▶ _RECORDED DATA_:
========================

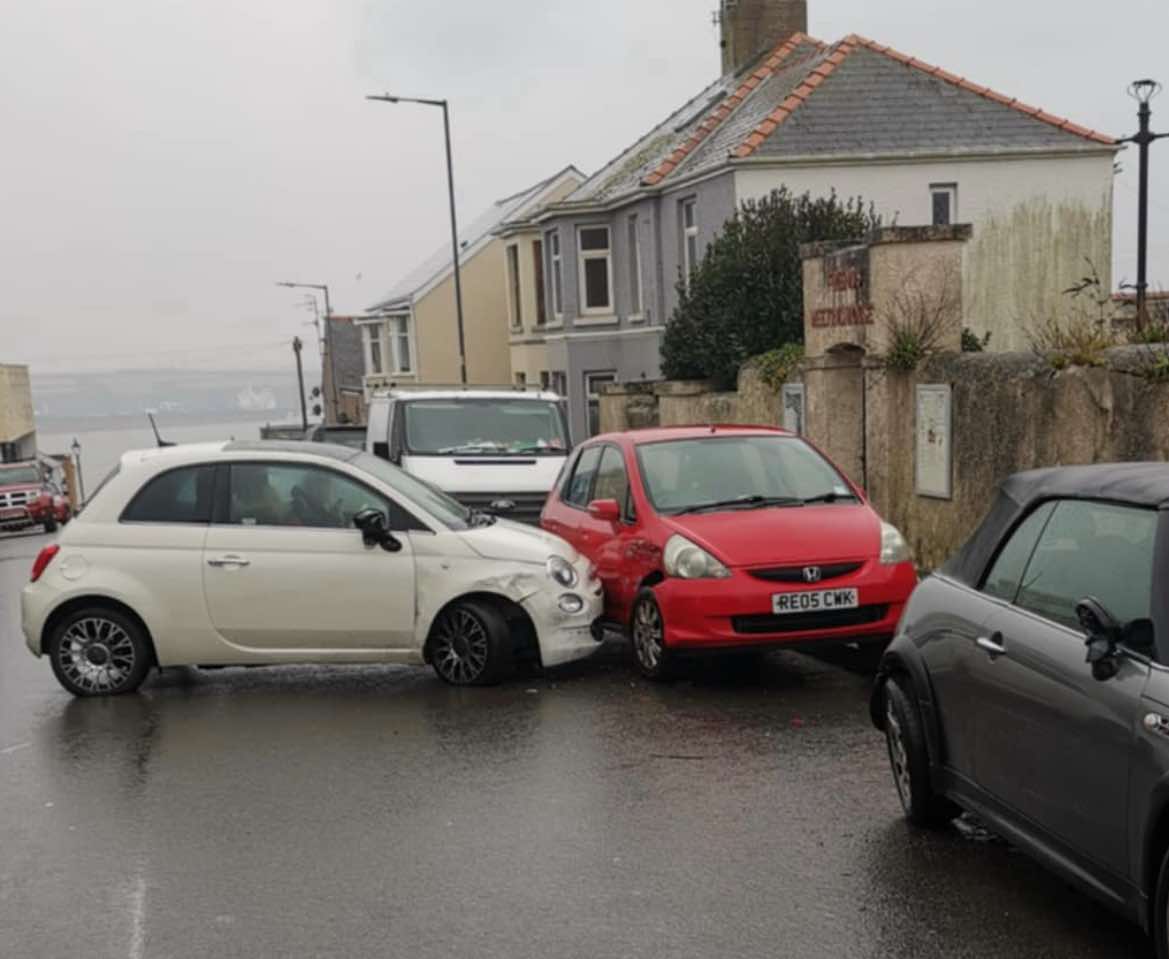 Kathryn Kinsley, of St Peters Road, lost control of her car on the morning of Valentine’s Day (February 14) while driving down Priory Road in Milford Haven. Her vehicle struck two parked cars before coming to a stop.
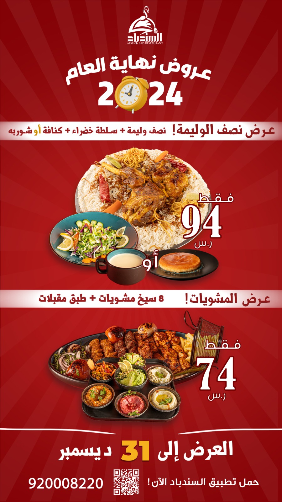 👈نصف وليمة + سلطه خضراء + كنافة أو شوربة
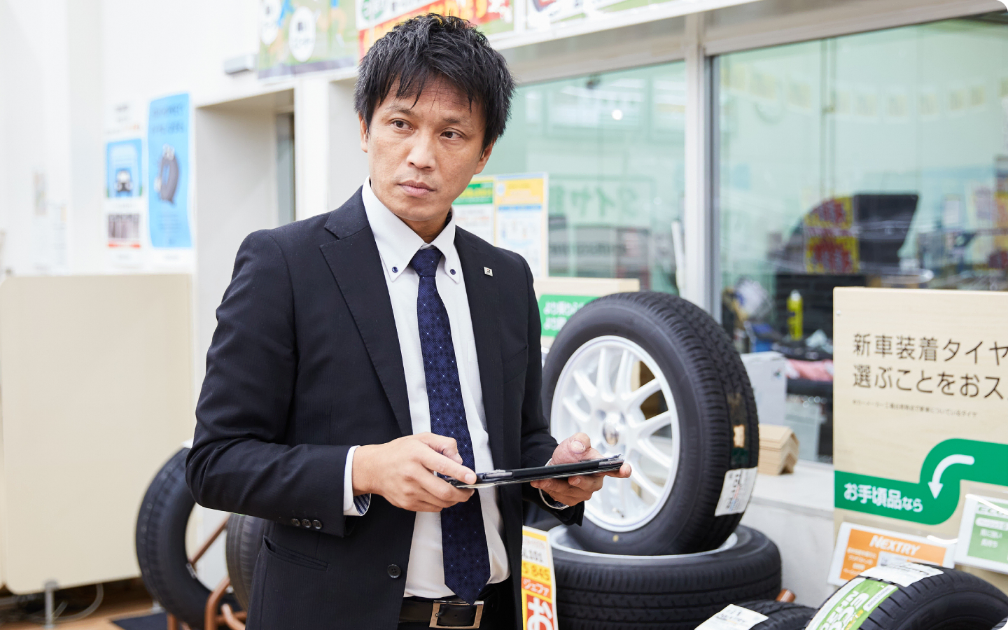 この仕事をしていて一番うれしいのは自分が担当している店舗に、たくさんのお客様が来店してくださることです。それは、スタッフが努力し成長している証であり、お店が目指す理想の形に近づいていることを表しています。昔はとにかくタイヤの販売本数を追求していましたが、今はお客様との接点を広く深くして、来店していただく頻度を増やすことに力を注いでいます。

========================

▶ _ABOUT THIS TASK_:
For this exercise, output only the lines from the one bearing "كنافة أو شوربة" to the end of the material above, exactly as written, with pictures left out.

▶ _RESULT FOR THIS TASK_:
 👈نصف وليمة + سلطه خضراء + كنافة أو شوربة
 この仕事をしていて一番うれしいのは自分が担当している店舗に、たくさんのお客様が来店してくださることです。それは、スタッフが努力し成長している証であり、お店が目指す理想の形に近づいていることを表しています。昔はとにかくタイヤの販売本数を追求していましたが、今はお客様との接点を広く深くして、来店していただく頻度を増やすことに力を注いでいます。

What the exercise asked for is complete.